Новая история Колобка, или Как я добегалась (СИ) - Ясная Яна. Страница 54

Главное — грамотная организация труда и делегирование полномочий: сохраняет снимки за меня телефон, а сортирует пусть Шильцева!

И пока Ольга щелкала мышью, я зашла в систему видеонаблюдения.

Пароль. Что значит — “неверный пароль”?!

Еще раз пароль! “Осталось две попытки”.

Та-а-ак… Я же точно помню, я не могла забыть!

А что там еще написано?

Твою мать, Лена!

“Выберите пользователя”.

Убедившись, что Шильцева увлечена своим делом и не видит этого позора, я торопливо выбрала из списка “Администратор”, и повторила пароль.

Табличка благополучно рассосалась и впустила меня в систему.

Тык-с. Дата — двадцать первое декабря. Отправить.

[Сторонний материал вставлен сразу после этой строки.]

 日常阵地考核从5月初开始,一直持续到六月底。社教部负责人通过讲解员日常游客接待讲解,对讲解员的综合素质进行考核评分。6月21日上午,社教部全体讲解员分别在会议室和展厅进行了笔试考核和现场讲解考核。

С некоторым душевным трепетом я ждала ответа верной машинки — вдруг, не повезло? Вдруг, эти записи успели кануть в небытие? Но нет, немного подумав, комп уведомил, что нашел искомое, и я с азартным нетерпением ткнула на значок загрузки.

Наблюдать рабочий день администратора через запись видеокамеры мне доводилась не первый раз — видеоконтроль, в конце концов, являлся одной из моих обязанностей. Сплошной проверки Макс не требовал, но периодически наугад проверять записи камер наблюдения — будь любезна. Это не считая форс-мажоров, само собой.

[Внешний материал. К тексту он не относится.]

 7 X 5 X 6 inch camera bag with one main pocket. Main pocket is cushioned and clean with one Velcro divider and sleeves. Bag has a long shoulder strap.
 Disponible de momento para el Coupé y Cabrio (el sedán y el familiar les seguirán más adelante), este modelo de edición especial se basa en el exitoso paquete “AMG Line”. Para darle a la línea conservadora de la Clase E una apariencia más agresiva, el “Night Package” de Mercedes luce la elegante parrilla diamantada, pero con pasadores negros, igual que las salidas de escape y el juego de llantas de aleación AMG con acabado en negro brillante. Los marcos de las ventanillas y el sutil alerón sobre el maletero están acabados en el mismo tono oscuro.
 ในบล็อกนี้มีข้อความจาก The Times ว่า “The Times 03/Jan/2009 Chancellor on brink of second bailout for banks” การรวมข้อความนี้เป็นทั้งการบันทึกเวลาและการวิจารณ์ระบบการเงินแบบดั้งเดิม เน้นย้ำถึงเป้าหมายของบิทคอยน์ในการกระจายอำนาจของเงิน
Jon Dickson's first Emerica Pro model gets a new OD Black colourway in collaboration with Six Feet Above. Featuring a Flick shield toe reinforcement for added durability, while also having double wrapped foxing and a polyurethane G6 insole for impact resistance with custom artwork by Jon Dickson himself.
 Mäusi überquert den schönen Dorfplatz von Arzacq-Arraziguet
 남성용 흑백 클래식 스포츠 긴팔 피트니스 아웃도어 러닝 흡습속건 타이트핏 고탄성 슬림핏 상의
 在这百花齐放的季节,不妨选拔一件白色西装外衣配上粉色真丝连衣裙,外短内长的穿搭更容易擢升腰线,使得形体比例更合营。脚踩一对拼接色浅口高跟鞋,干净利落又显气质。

Я и проверяла — но никогда доселе я не смотрела на человека за стойкой, как на врага. Резкая, глубокая неприязнь вытеснила такую же глубокую симпатию, и прочно заняла её место.

Эта. Женщина. Причастна. К попытке похитить моих детей!

Макс, молча и безнадежно сражающийся за свободу воли.

Сгоревший Тихий лес и стылый запах гари над “Тишиной”.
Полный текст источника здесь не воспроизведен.